15 thoughts on “Symbolism behind Coats of Arms

  1. I think all Gravatars should be of birds, after all they are, in a way, an emblem of who we are, yes?! (Thinks: I must speak with Matt about this).
    What would mine be…let me think…pause a long time…although I truly love our magpie and crow, I’d have to say our local blackbird…beautiful song, brave and fiercely protective, even shooing away the larger crows who don’t fight it, and yet quietly going about its business, as it should, knowing it belongs where it belongs. 😀
    I do find the horsehoe in the beak image quite intriguing and think it could only mean that the horse is the closest thing to a bird that lets you ‘fly’ over the country rather quickly! In those days.
    My family crest, on my mother’s side, is of a red stag rampant on plain white background. McCarthy. This surname derives from Carthac, of the twelfth century, being one of the most ancient and numerous of all Irish surnames. The MacCarthys were great builders of castles. The remains of such are to be found all over Munster. The most famous being Blarney, where lived Cormac McCarthy, whose evasive answers to Queen Elizabeth’s letters, demanding his submission, roused her to call his protestations, ‘Blarney’. So started the legend of kissing the ‘Blarney stone’.
    Are you considering doing your next post about the birds in the Christmas song, The Twleve Days of Christmas, and their meanings, apart from being food?

    1. Using birds or heraldic symbols for Gravatars would make for some cool possibilities! Though I’d have a difficult time narrowing down my selection to any one bird, the blackbird sounds like a wonderful choice. Like crows, geese, sparrows, wrens, and many other common birds, they don’t get enough respect. Since I did a post last year on “The Twelve Days of Christmas,” I’ll try to do something different this year. We’ll see!

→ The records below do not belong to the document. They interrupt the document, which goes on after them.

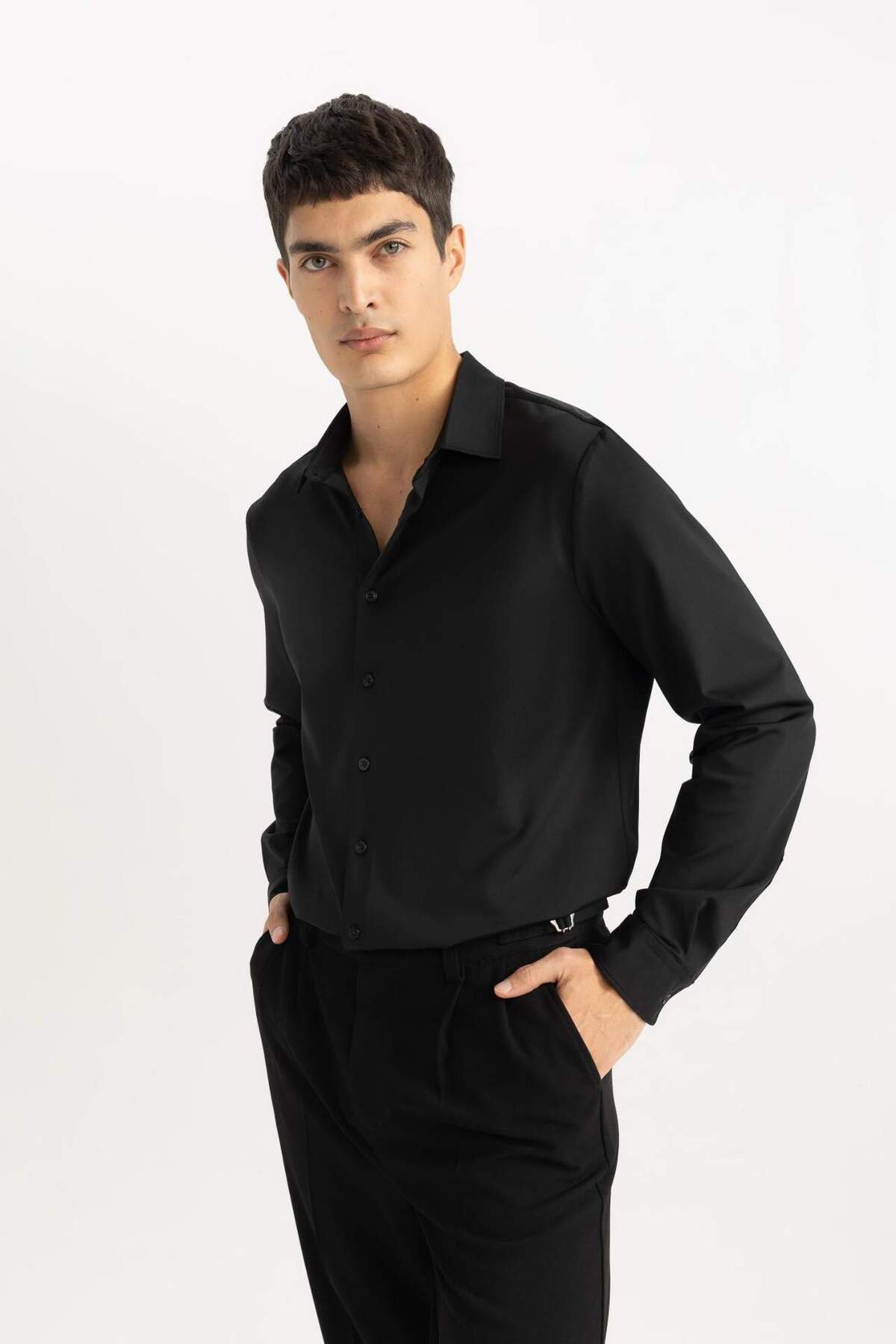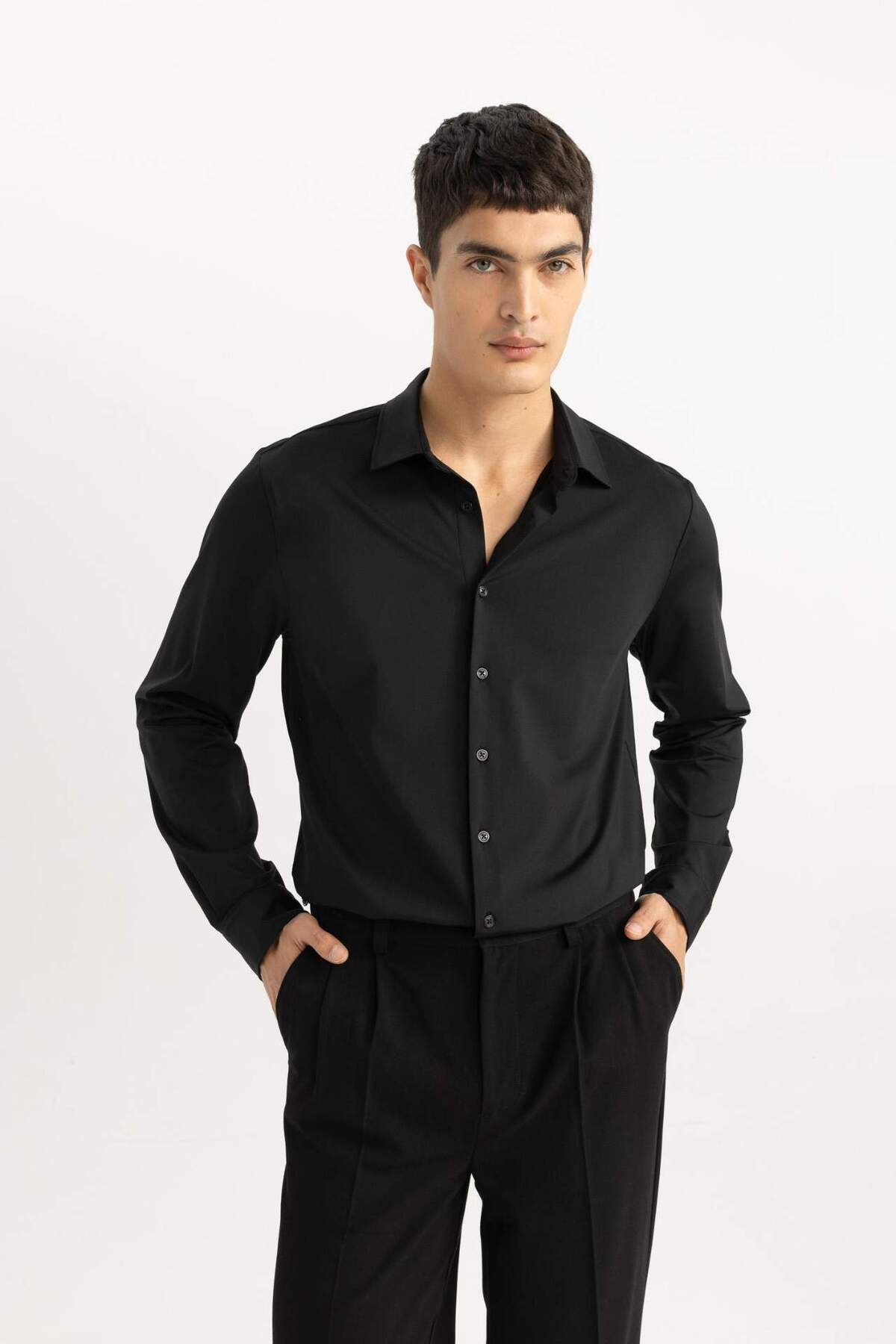 خرید اینترنتی Slim Fit Slim Cut یقه پولو پارچه انعطاف پذیر ساده پیراهن آستین بلند ساده B6491AX24SP برند دفاکتو Defacto اورجینال از DeFacto نمایندگی ترکیه
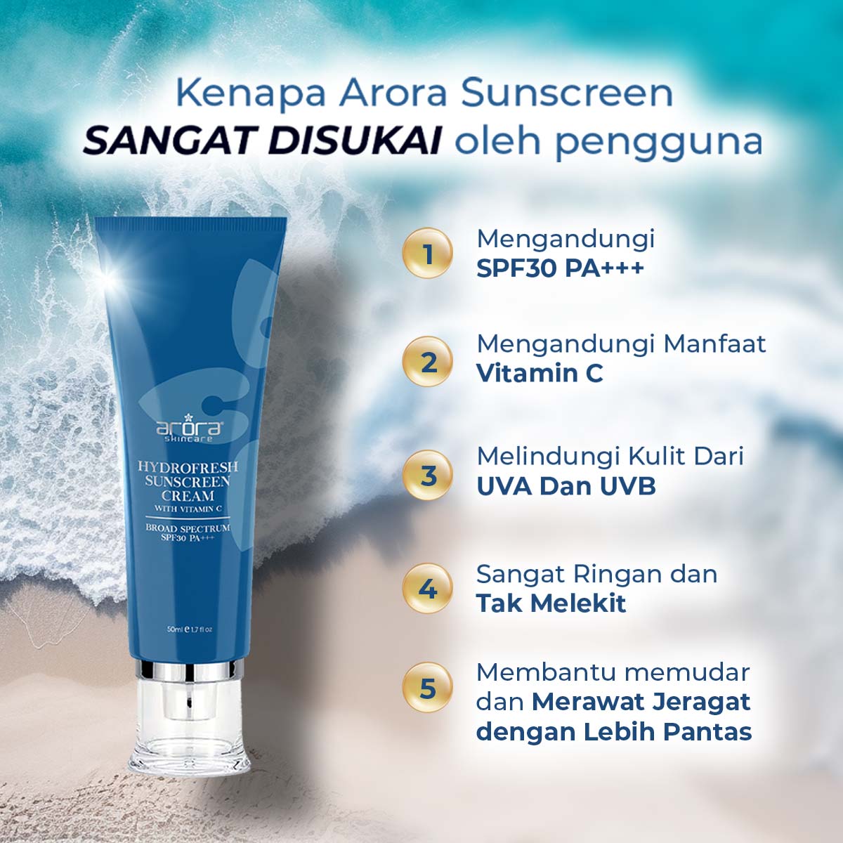 Arora Sunscreen pilihan Sunscreen yang paling sempurna kerana dilengkapi denganSpf30 PA+++ dan Vitamin C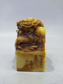 寿山石雕刻《龙戏珠》印章,包浆自然浑厚,石头通透,雕工精细,纯手工雕刻刻印 尺寸:11.3×6.1×6.1厘米 重量:957克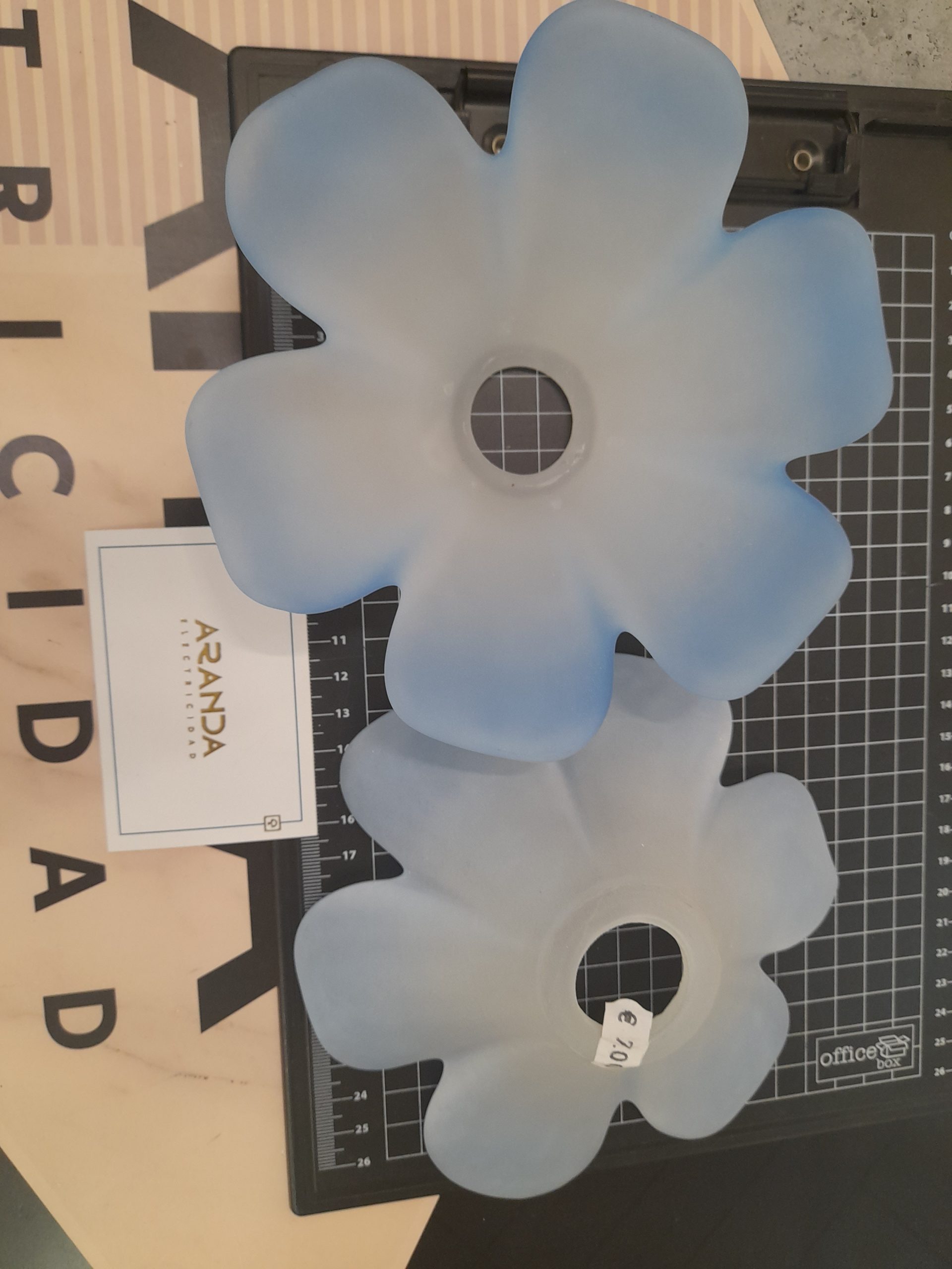 Tulipa cristal plana 6 picos redondeados blanca y azul de 17cm, para E14 Fordecor. STOCK DISPONIBLE EN TIENDA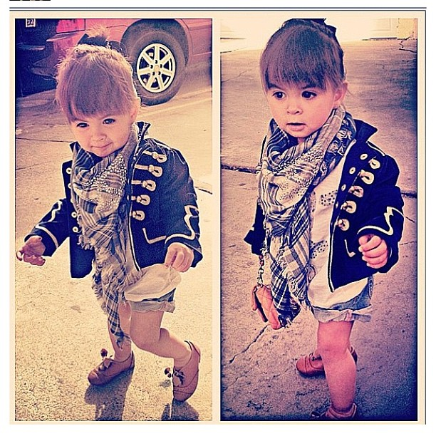 Первые два достаточно просто, если не считать огромного палантина, и очков(врятли они удобны детям, для фото-лука да) вторые две фотки хорошие очень сочетания имхо. последняя такая милая))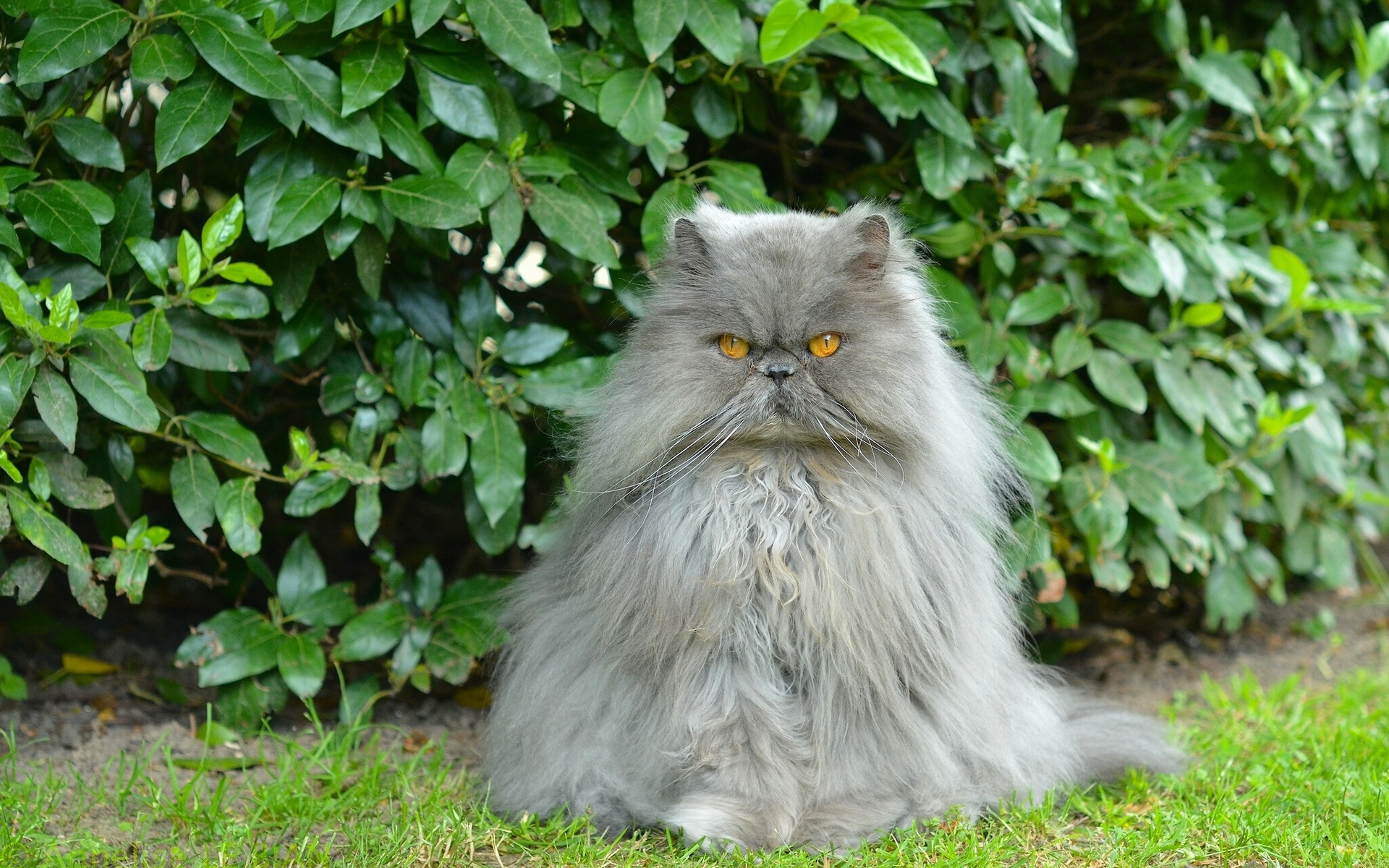 Description: A cat with a long gray fur sitting in the grass near bushes and bushes with yellow eyes and a bush behind it.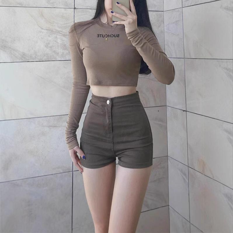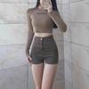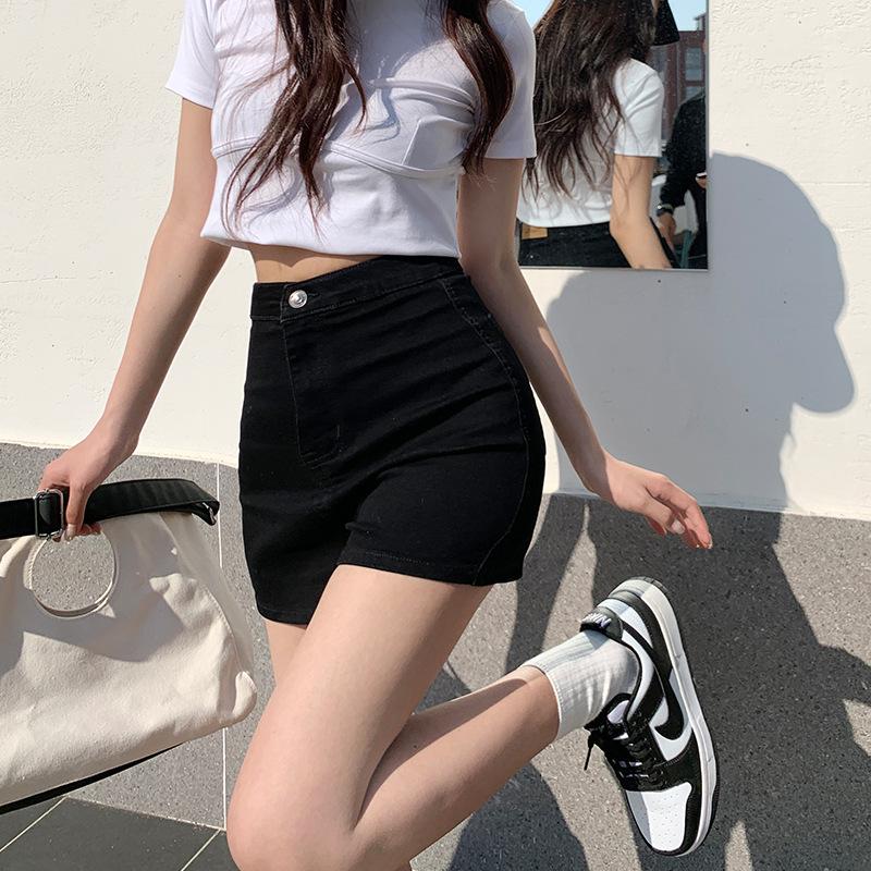 Shorts de mezclilla elástica de cintura alta 2025 para mujer Verano Nuevo estilo coreano Look adelgazante Versátil Ajustado A-line Hot pants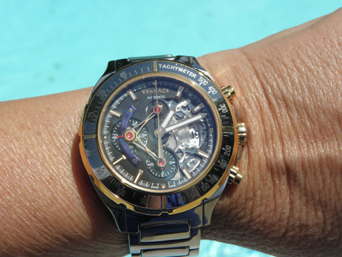 The performance of this watch — which I wore swimming and horseback riding – is top notch. The look of the two-tone version we are reviewing fit nicely from sporty weekend to business meetings and even out at night. While the power reserve is slightly shorter than I’d like – because I’d like power reserve to be at least 8 days — this is a watch I keep coming back to, for sport, for dress, for everyday. The best part of the mechanical and technically advanced Versace winner – the price: $5,495.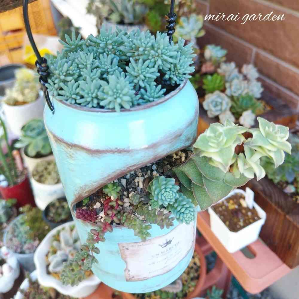いろんなとこの鉢から、🌱でてきた子を🌱寄せた自作リメ缶です☝️🤭❤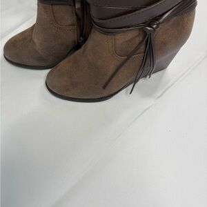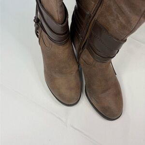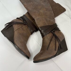 These stylish over the knee boots from Maurices feature a rich brown suede finish, offering a soft and matte texture. Designed with a comfortable wedge heel and a slouchy style, they are perfect for adding a touch of elegance to any outfit. The boots also include a subtle ankle strap detail and a convenient inner zipper for easy wear.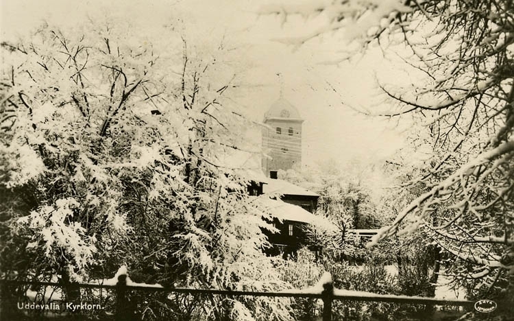 Tryckt text på bilden: "Uddevalla kyrktorn."
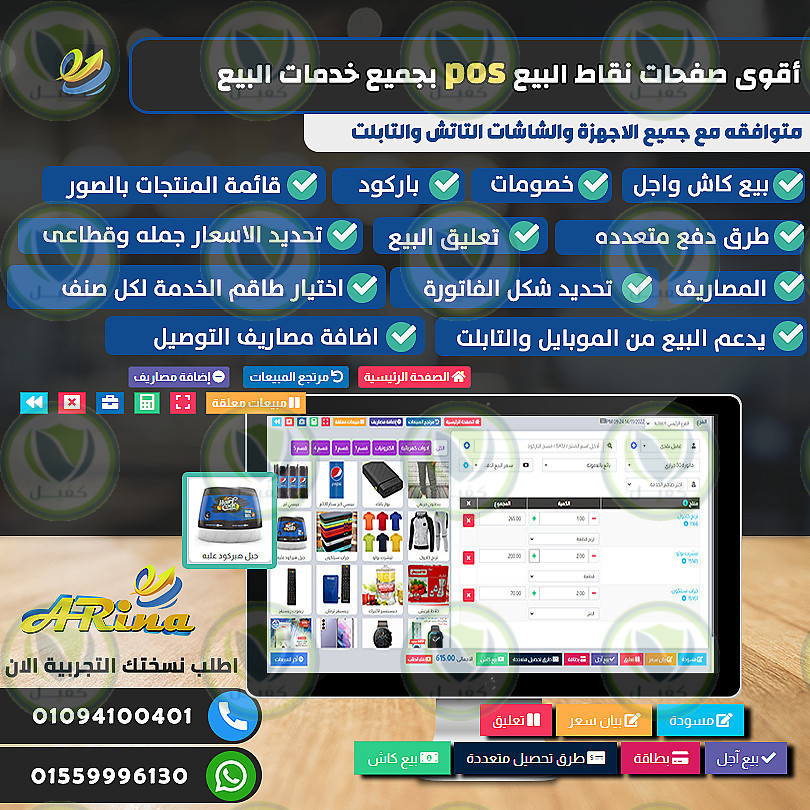النظام متوافق مع جميع الاجهزة الكمبيوتر والشاشات التاتش والاندرويد والايفون.

      1. cool possibilities..yes, certainly the more creative amongst us could come up with some decidedly interesting bird-designs.
        I didn’t know of your post last year; I’ll check it out. 🙂

      2. Having some ready-made templates of bird Gravatars that can be customized could be fun! However, I can understand the reluctance of fans of other critters – dogs, cats, gerbils, iguanas, etc. – not wanting to be restricted. Flexibility is important for self-expression and creativity.

      3. I do appreciate the need for diversity. One can have as many gravatars as one likes and change them to suit the mood, like I do, annually at least! The templates sound like a very good idea, M.R. 🙂

  2. The Shaking is interesting. I have seen some birds appear to have certain movements before they take off….sort of like a runner on the blocks bouncing a little before the gun. That is interesting and I too should think up what bird would represent me. Right now with janthina images I’ve identified myself with the pelagic shell which floats on rafts of bubbles since I sort of drift around. Time to take flight maybe!! 🙂

    1. Floating on rafts of bubbles actually sounds quite fun and idyllic! You have such a wonderful selection of avian photographs. I could easily see your Gravatar as a heron or ibis!